FAI luoghi del cuore

Il censimento è appena partito e la classifica vede al primo posto il Castello di Sammezzano in provincia di Firenze con 1247 voti seguito dalla Scala dei Turchi di Agrigento con poco più di mille. Dalle nostre parti è il Santuario dell’Assunta di Drezzo il luogo più votato con 115 voti, seguono Villa Balbianello con 70 e il Castello di Asso, che evidentemente ha i suoi estimatori, con 20. Como città non pervenuta al momento

 

MODALITA’ DI PARTECIPAZIONE AL CENSIMENTO

dal 12 maggio al 15 dicembre 2022

  1. Sito www.iluoghidelcuore.it
  2. Con moduli cartacei di raccolta voti dedicati a ogni luogo del cuore, scaricabili dal sito www.iluoghidelcuore.it

FAI luoghi del cuore

Il censimento è realizzato con il Patrocinio del Ministero della Cultura.

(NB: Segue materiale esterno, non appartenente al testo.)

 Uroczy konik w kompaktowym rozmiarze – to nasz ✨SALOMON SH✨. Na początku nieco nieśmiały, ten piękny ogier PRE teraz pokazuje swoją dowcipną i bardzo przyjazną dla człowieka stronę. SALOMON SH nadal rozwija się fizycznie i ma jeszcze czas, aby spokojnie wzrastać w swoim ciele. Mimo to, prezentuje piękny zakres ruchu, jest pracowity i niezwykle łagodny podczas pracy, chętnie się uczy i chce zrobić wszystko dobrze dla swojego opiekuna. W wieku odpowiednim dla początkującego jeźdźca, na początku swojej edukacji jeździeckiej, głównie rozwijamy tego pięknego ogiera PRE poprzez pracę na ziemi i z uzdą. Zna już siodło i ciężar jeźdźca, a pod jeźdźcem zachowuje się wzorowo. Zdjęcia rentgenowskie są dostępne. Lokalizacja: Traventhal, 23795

Anche in occasione dell’XI edizione del Censimento “I Luoghi del Cuore”, Rai conferma l’impegno del Servizio Pubblico multimediale alla promozione, cura e tutela del patrimonio culturale, artistico e paesaggistico italiano. Rai è Main Media Partner del FAI e supporta l’edizione del Censimento 2022 anche grazie alla collaborazione di Rai per il Sociale.